- **INFORMATION SUPPLIED**
* * *

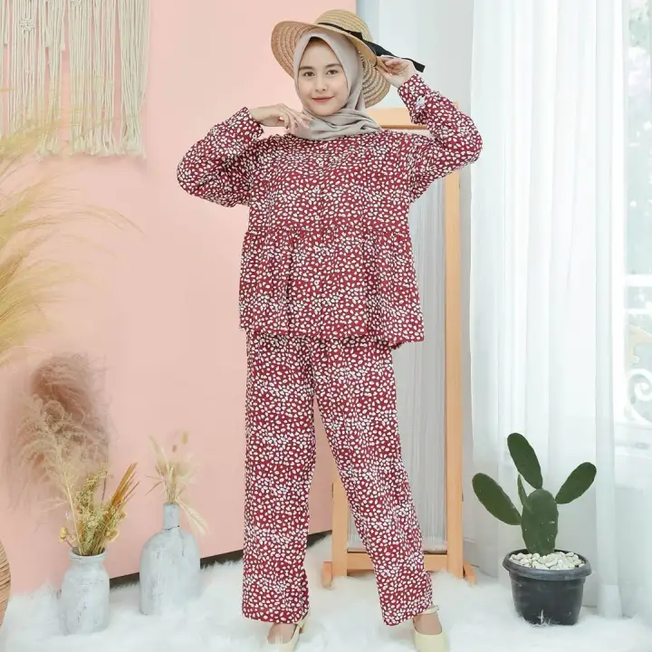 Fatimah Set Baju Wanita Terbaru Modern 2020 Baju Muslim Bahan Katun Rayon Viscose Setelan Wanita Stelan Atas Bawah Baju Tidur Piyama Set Stelan Atas Bawah
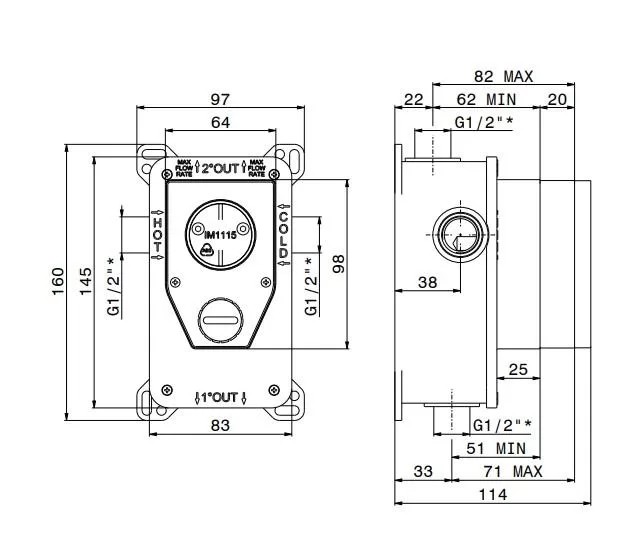 10843KM.00.000 Универсальная внутренняя часть для механического смесителя на два потока для душа
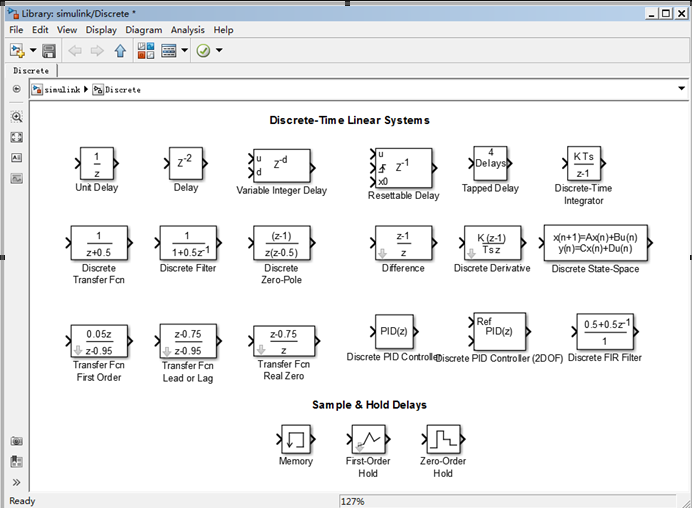 离散模块库(Discrete)内的模块主要用于离散系统的建模,这类系统在时域上一般用差分方程来描述,或者在频域上利用Z变换得到传递函数进行描述。在实际的仿真模型中,各模块的采样时间可能并不一致,通常将这类系统称为多速率系统。
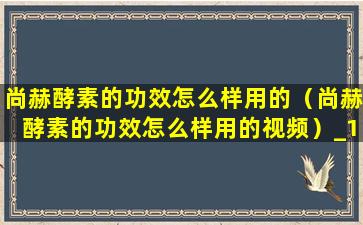 尚赫酵素的功效怎么样用的(尚赫酵素的功效怎么样用的视频)

* * *

- **WHAT IS BEING ASKED**
The lines needed are those from the one containing "10843KM.00.000 Универсальная внутренняя" through the end of the listing, given again word for word and without any picture.

- **SOLVED PROBLEM**
 10843KM.00.000 Универсальная внутренняя часть для механического смесителя на два потока для душа
 离散模块库(Discrete)内的模块主要用于离散系统的建模,这类系统在时域上一般用差分方程来描述,或者在频域上利用Z变换得到传递函数进行描述。在实际的仿真模型中,各模块的采样时间可能并不一致,通常将这类系统称为多速率系统。
 尚赫酵素的功效怎么样用的(尚赫酵素的功效怎么样用的视频)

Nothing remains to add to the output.